Amareleja, 16 de maio de 2041

Num hiato de dez anos, Reggio Emília e a Escola da Ponte concretizaram a proposta da Escola Nova e anunciaram a génese de novas construções sociais de aprendizagem. Muitos foram os educadores que visitaram essas escolas. Os seus projetos ganharam relevo, por terem sido experiências que operaram uma profunda ruptura com o paradigma que suportava um velho modelo de escola, numa espécie de “peregrinação pedagógica”, nas palavras do sociólogo Mariano Enguita.

Os projetos de Reggio Emilia e da Escola da Ponte tiveram início, respectivamente, nas décadas de sessenta e de setenta do século passado. Os idealizadores dos projetos – Malaguzzi e, sem falsa modéstia, este vosso avô – tinham em comum um audacioso objetivo: o de que a escola fosse um lugar em que as comunidades pudessem decidir dos seus destinos, aprendendo no seu tempo e a seu modo.

Num vídeo de meados dos anos noventa, o amigo Armindo e outros pais da equipe inicial davam testemunho do essencial: que a Ponte havia nascido pela vontade de uma comunidade e pela da iniciativa de um professor.

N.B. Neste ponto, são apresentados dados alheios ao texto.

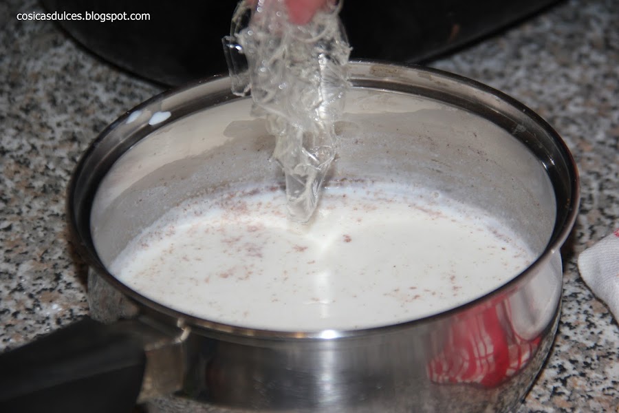 En la leche que tenemos en el cazo disolvemos, una vez que ha hervido, la gelatina previamente hidratada.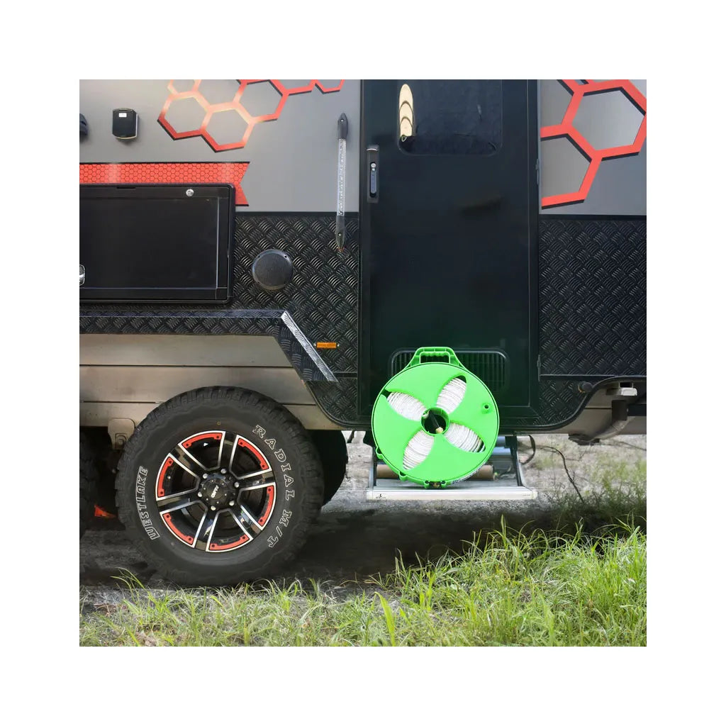 Keep your caravan setup tidy and stress-free with the RV Flomaster 15m Flat Hose Reel.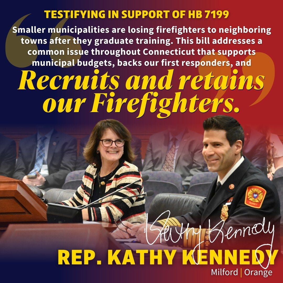 This week, I had the pleasure of testifying alongside Milford’s Fire Chief Anthony Fabrizi in strong support of House Bill 7199 which would recruit and retain firefighters within a community, especially after they graduate training. Our firefighters work tirelessly to keep us safe and it’s the least we can do for our towns to encourage the growth of our local fire department and support their careers.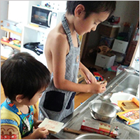 カレーは、材料を洗って切るところからお兄ちゃん(5歳)にお願いしています。服を脱いで本気です。弟くん(2歳)は型抜き担当。格別においしいです!親子クッキングというより、兄弟クッキングです(笑)お兄ちゃんが幼稚園からいただいたルウ、おいしくいただきました♪ごちそうさまでした。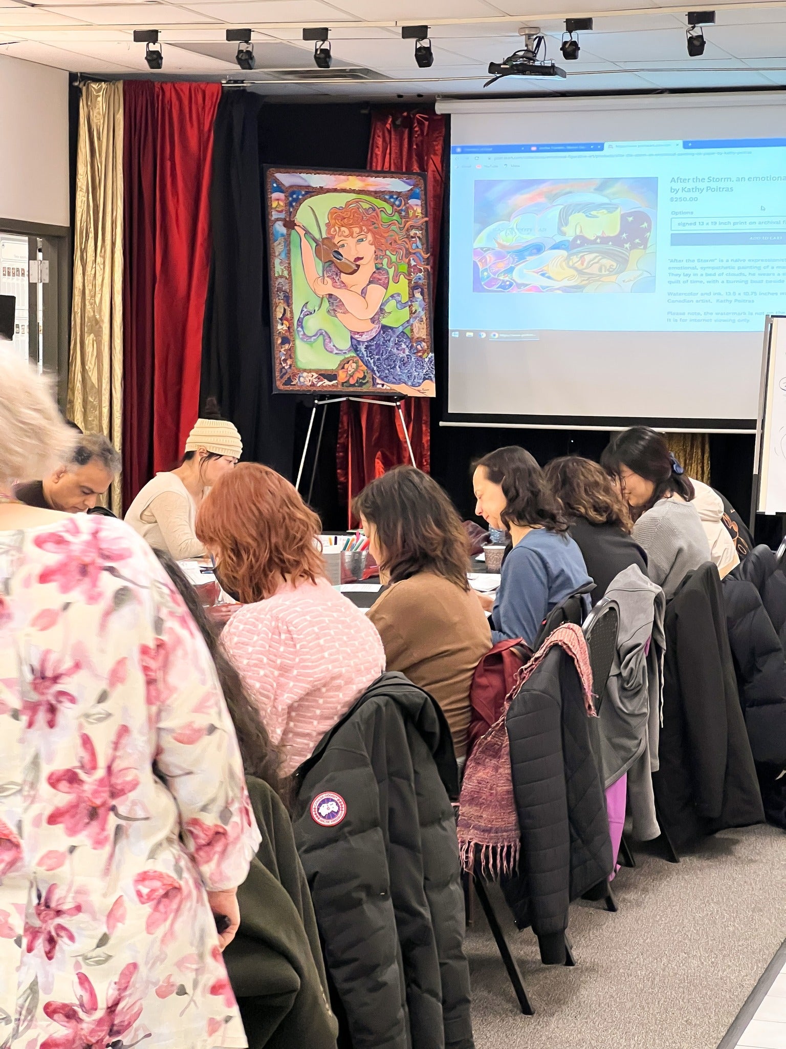 "Thank you! Big appreciation for the space and the materials provided. I wish there was a bit more time to get through the dynamics. Maybe smaller thumbnails? The size of the paper made it feel necessary for a longer amount of time to fill the page. Seeing Kathy's paintings was very inspiring. Loved it. Would happily attend another. HEART Suze

Duas professoras e, mais tarde, toda a escola se lhes juntaram.

Em 1976, já sabíamos que escolas não eram prédios, que eram pessoas. E que o projeto era um ato coletivo, assente em princípios.

Há vinte anos, tive necessidade de recordar aos professores da Ponte os princípios fundadores do projeto. Parecia terem sido esquecidos. Espero que a sua leitura não seja maçadora. Ei-los:

1- Uma equipa coesa e solidária e uma intencionalidade educativa claramente reconhecida e assumida por todos (alunos, pais, profissionais de educação e demais agentes educativos) são os principais ingredientes de um projeto capaz de sustentar uma ação educativa coerente e eficaz.

2- A intencionalidade educativa que serve de referencial ao projeto Fazer a Ponte orienta-se no sentido da formação de pessoas e cidadãos cada vez mais cultos, autónomos, responsáveis e solidários e democraticamente comprometidos na construção de um destino coletivo e de um projeto de sociedade que potenciem a afirmação das mais nobres e elevadas qualidades de cada ser humano.

3- A Escola não é uma mera soma de parceiros hieraticamente justapostos, recursos quase sempre precários e atividades ritualizadas – é uma formação social em interação com o meio envolvente e outras formações sociais, em que permanentemente convergem processos de mudança desejada e refletida.

4- A intencionalidade educativa do Projeto impregna coerentemente as práticas organizacionais e relacionais da Escola, que refletirão também os valores matriciais que inspiram e orientam o Projeto, a saber, os valores da autonomia, solidariedade, responsabilidade e democraticidade.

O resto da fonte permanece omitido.